Swiss Regulator Affirms Bitcoin and Cryptocurrencies Should Be Treated As Very Risky Assets
Recently, the Swiss financial regulator, the Swiss Financial Market Supervisory Authority (FINMA) has affirmed that crypto assets should be treated as risky assets with a 800% risk weight. The letter was dated to October 15.
FINMA has issued a confidential letter, which was reported by Swiss Info, a local news media outlet, that stated that financial institutions should think very well before they actually started to invest in cryptocurrencies.
The authority advises banks and financial dealers to consider these assets to be super risky and that you might lose most of your money while using them (but you may also get a lot of money, on the other hand, as the volatility is very high).
FINMA guides the banks not to set aside more than 4% of their capital to invest in cryptos and it has affirmed that any banks in the country will need to inform the institution if they actually spend more of this amount of money in it. However, the letter does not release official rules of how Swiss banks should deal with cryptos.

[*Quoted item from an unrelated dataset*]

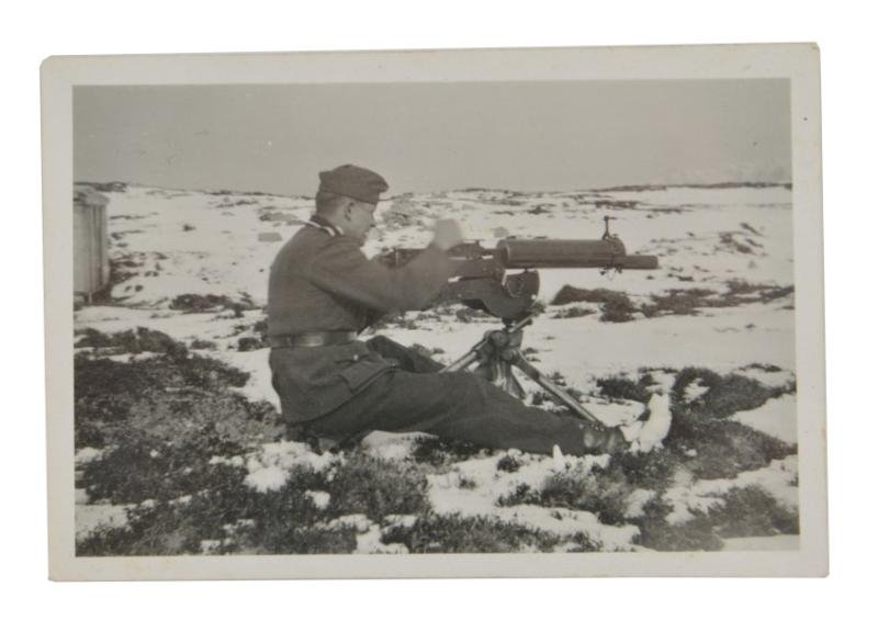 In a very good condition a German Wehrmacht Picture of a Wehrmacht soldier behind a German MG08 SMG. The picture comes in a size of approx. 4x6cm.

The main recommendation of the FINMA is that the companies should not let the impact of the crypto assets that they acquire become too high. They should invest only some “spare money” in it made sure that cryptos are a limited aspect of their business model if they want to be protected from the volatility and the dangers of the market as well.
Part of the reason why the authority has decided to make this official announcement was that many banks from the country, as well as security dealers, had already asked it about crypto assets and the company had to take some position on the issue.
Swiss has a very solid banking sector so it is considered normal for the authority to take a proactive role in order to regulate the market to ensure that it is running well.
Back in February, the Swiss authority has affirmed that Initial Coin Offerings (ICOs) in the country would be determined on a case by case basis as they would take a stance that would be similar the U. S. Securities and Exchange Commission (SEC) in reviewing these assets and to decide whether they would be utility tokens or securities.